"That is Uncle Jabez;" admitted Ruth, hastening to put on her hat.

"He is an ugly one; isn't he? I'd like to know him, I would," declared the odd child. "He ain't one that's always smirking and smiling, I bet you!"

"He isn't given much to smiling, I must admit," laughed Ruth, stooping to kiss the crippled girl.

"There! Go along with you," said Mercy, sharply. "You tell that ugly, dusty man—Dusty Miller, that's what he is—that I'm coming out to the Red Mill, whether he wants me to or not."

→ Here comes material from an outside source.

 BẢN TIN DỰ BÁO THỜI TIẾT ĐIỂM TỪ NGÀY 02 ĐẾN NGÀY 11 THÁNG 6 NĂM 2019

And when Ruth got out upon the street Mercy had her window open and cried through the opening, shaking her little fist the while:

"Remember! You tell Dusty Miller what I told you! I'm coming out there."

"What's the matter with that young one?" growled Uncle Jabez, as Ruth climbed aboard and the mules started at a trot before she was really seated beside him.

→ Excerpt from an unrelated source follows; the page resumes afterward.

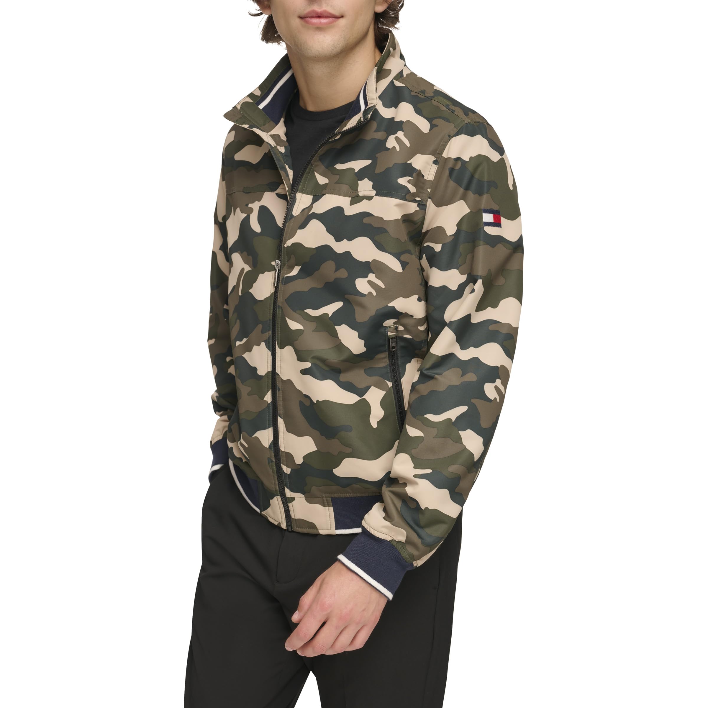 Preppy zip-front bomber featuring standing collar with "HILFIGER" screenprint at back

Ruth told him, smiling, that Mercy had taken a fancy to his looks, and a fancy, too, to the Red Mill from her description of it. "She wants very much to come out there this summer—if she can be moved that far."

Then Ruth tried to thank the miller for the frock—which bundle she saw carefully placed among the other packages in the body of the wagon—but Uncle Jabez listened very grumpily to her broken words.

"I don't know how to thank you, sir; for of all the things I wanted most, I believe this is the very first thing," Ruth said, stumblingly. "I really don't know how to thank you."